Unless you are using KDE or GNOME I think you will be comfortable enough. A minimal Xorg install is not substantial, and even with Firefox I think I ran one on VirtualBox with an 8gb disk that had a functioning display system. I doubt you will be using jails or ports for your use case (a machine with a 16gb SSD does not sound like the kind of machine you build large projects with), if so I think you will be fine, just keep on top of it. It all depends on your use case really.

Edit: That's a lot of RAM. If you are interested in building ports i'd recommend a storage upgrade, seems like a massive waste not to use it.


----------



## VectorPL (Oct 4, 2021)

Thank you for advice. I think that I will buy 128 gb ssd, I found one on the internet which costs about as much as a good lunch at McDonalds in Poland.


----------



## D-FENS (Oct 4, 2021)

VectorPL said:


> I am planning to install FreeBSD for desktop on 16 GB ssd (system and programs) and home partition on other ssd disk. I have 32 gb RAM so I think I don't need swap partition. Is 16 gb enough for system and programs? Or should I install everything on the bigger ssd?


What exactly is your storage hardware configuration?
If you decide to install your system on ZFS, you can stripe the disks together and combine their space into a bigger storage. Then you can install your system and keep the ZFS filesystems separate but use the whole space. This option makes read operations actually faster but the disadvantage is that if one of your SSD breaks, you loose the whole data. If you do a regular backup this might be acceptable risk to you.
Another option with ZFS is to create two separate storage pools - one on each SSD. This would be similar to what you propose, but ZFS has a number of cool features which you can use, for example snapshots and rollbacks, nice binary filesystem replication and cloning. Also, you can expand your storage with additional disks which simply make your "partition" (or storage pool) bigger. Look into it!
And finally, you can simply start using your 16 GB SSD for system and programs. In case it gets too small, you could simply move stuff to the bigger SSD and change some mountpoints in order to bring the data where it needs to be (don't move base system files though, you could do it with stuff in /usr/local or /usr/var for example - your database files or web server data).
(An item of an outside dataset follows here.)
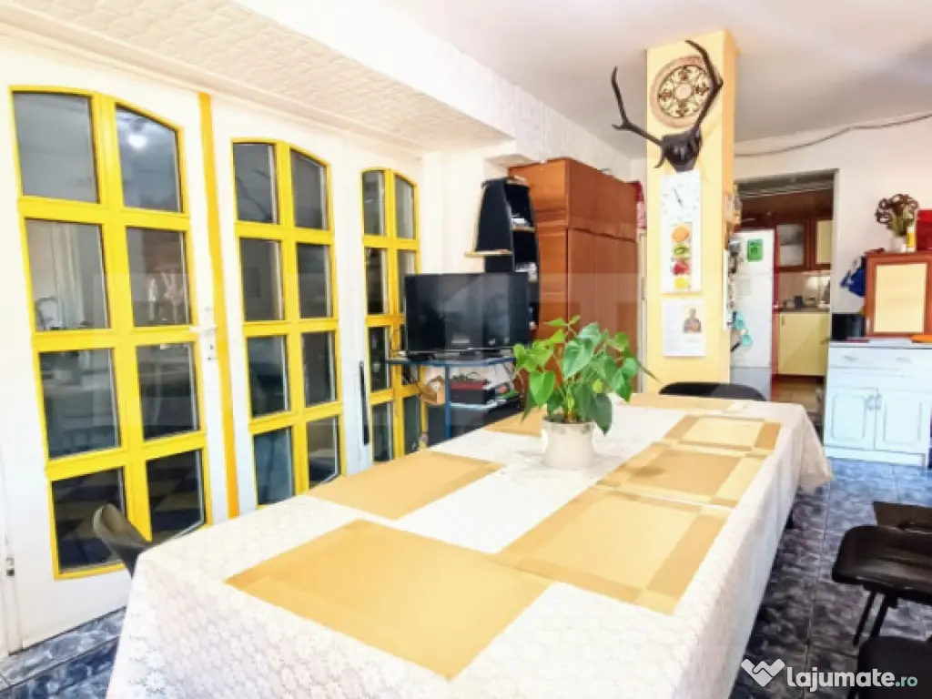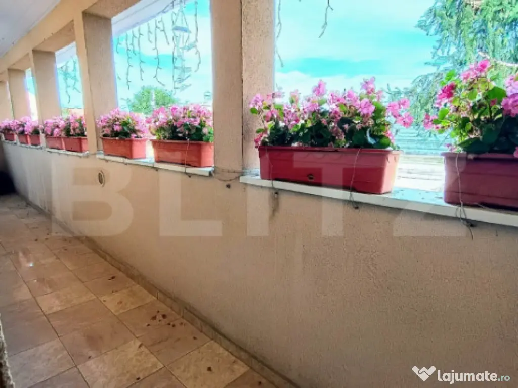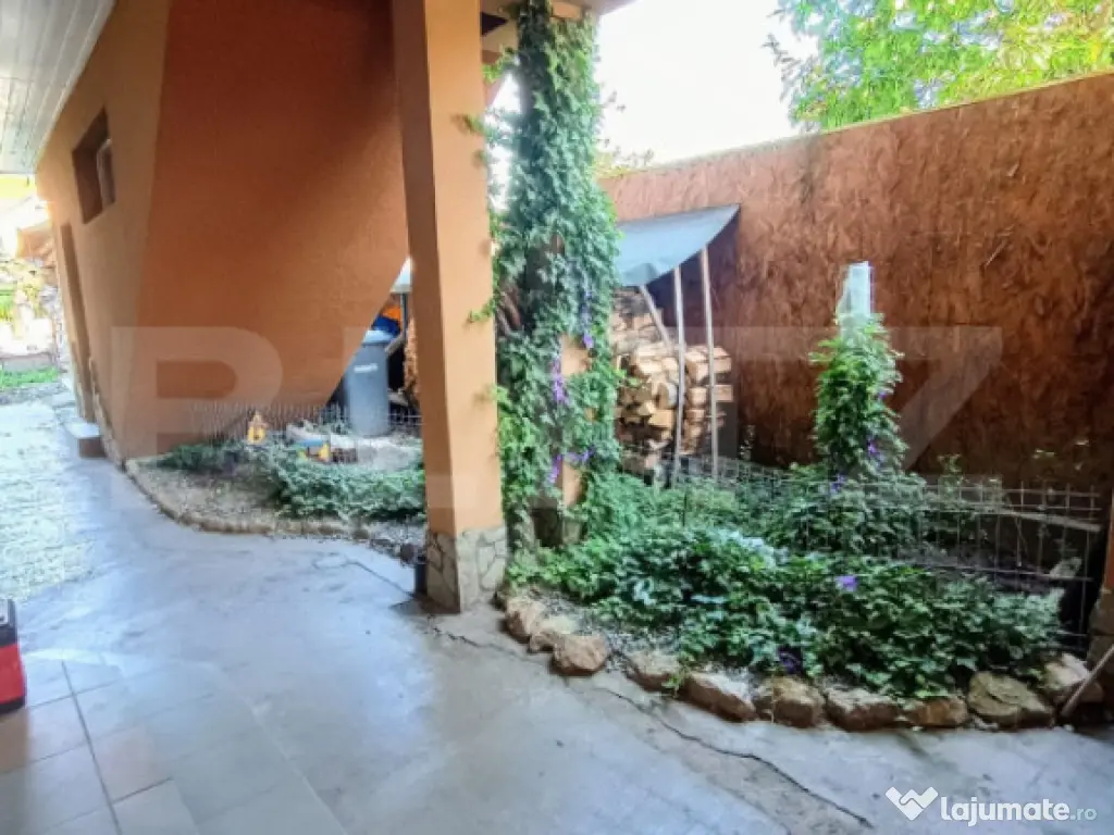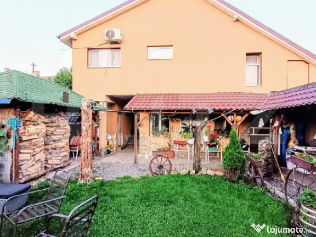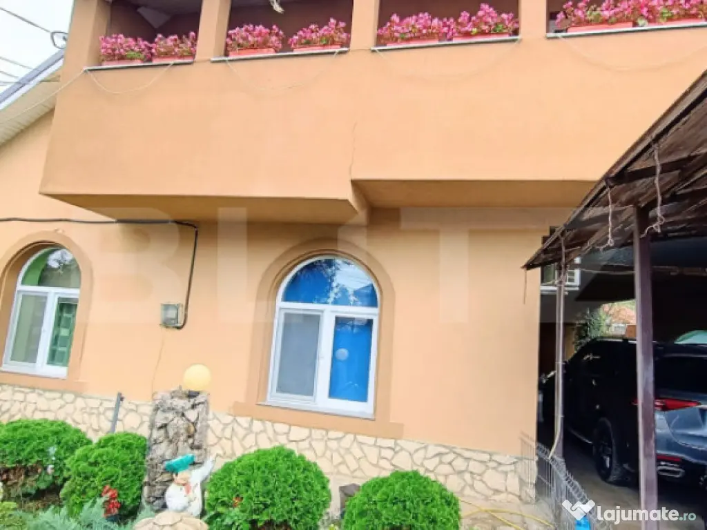 Blitz vă propune spre vânzare o proprietate deosebită, compusă din două corpuri separate cu suprafata totala de 320 mp locuibili, amplasate pe un teren de 579 mp, situata într-o zonă cu potențial remarcabil pentru investiții. Corpul 1 are o suprafata de 187 mp, regim de inaltime, parter + mansardă. Parter: hol intrare, living + dining open space, bucătărie, două dormitoare, baie, terasă închisă cu zonă de luat masa. Mansardă: birou cameră de zi, dormitor, baie, dressing și balcon care face legătura între cele două corpuri. Intrarea intre cele doua corpuri este separata, oferind posibilitatea de a functiona ca 2 apartamente separate. Corpul 2 a fost construit in 2015, are o suprafata de 133 mp si este compus din casa scarii la parter, iar la mansarda din living cu bucatarie open space, 2 dormitoare cu dressing, iesire pe balcon si baie. Ambele proprietati sunt dotate cu aer conditionat cu invertor. Curtea este betonata, acces auto si loc de parcare acoperit pentru 2 masini. Gradina este amenajata cu gazon si arbusti pereni. Foișor acoperit în spatele casei. Casa este construita din caramida cu fundatie din beton si acoperis din tigla metalica lindab. Este izolata la exterior cu polistiren de 10 cm. Pod spatios, izolat. Proprietatea este dotata cu panouri fotovoltaice cu invertor DEYE de 8 kw cu 2 baterii de stocare 21 kw, montate în 2025, cu garanție extinsă. Puffer 500 L conectat la termosemineul pe lemne, ofera o economie substanțială la gaz și electricitate. Centrala pe gaz cu condensare, boiler electric de 200 L pentru perioada de vara care consuma din panouri. Proprietatea este dotata cu sistem de securitate. Puncte forte: Zonă linistita, cu acces facil la transport și utilități; Posibilități multiple de configurare și utilizare; Curte generoasă, spațiu pentru parcare și intimitate. Dacă sunteți în căutarea unei proprietăți multifuncționale, cu potențial mare de profit, această ofertă este alegerea perfectă! Contactați-ne pentru mai multe detalii sau pentru a programa o vizionare Cod ofertă / ID BLITZ: P155067 Id intern: P155067 Număr niveluri imobil: 1 Număr Băi: 3 Curent Apă Canalizare Gaz Climă

If you ask me, the simplest option would be to use ZFS and put the disks in a stripe, which would combine them into one big space. Then, as written - backup regularly (as you should anyway).
Another simple option is to put everything on the larger SSD with ZFS, and then add the smaller SSD as a ZFS cache device (if you plan to read data fast) or a log device (if you plan to write a lot of data fast). The 16 GB would not be used for space in this case, but it would accellerate your disk access.


----------



## Geezer (Oct 4, 2021)

VectorPL said:


> Thank you for advice. I think that I will buy 128 gb ssd, I found one on the internet which costs about as much as a good lunch at McDonalds in Poland.



Very candid about your priorities.


----------



## a6h (Oct 4, 2021)

If you are short on storage, just make sure to use two partitions, one for root / and one for swap.
This way you don't have to worry how to mange your partition scheme before hand.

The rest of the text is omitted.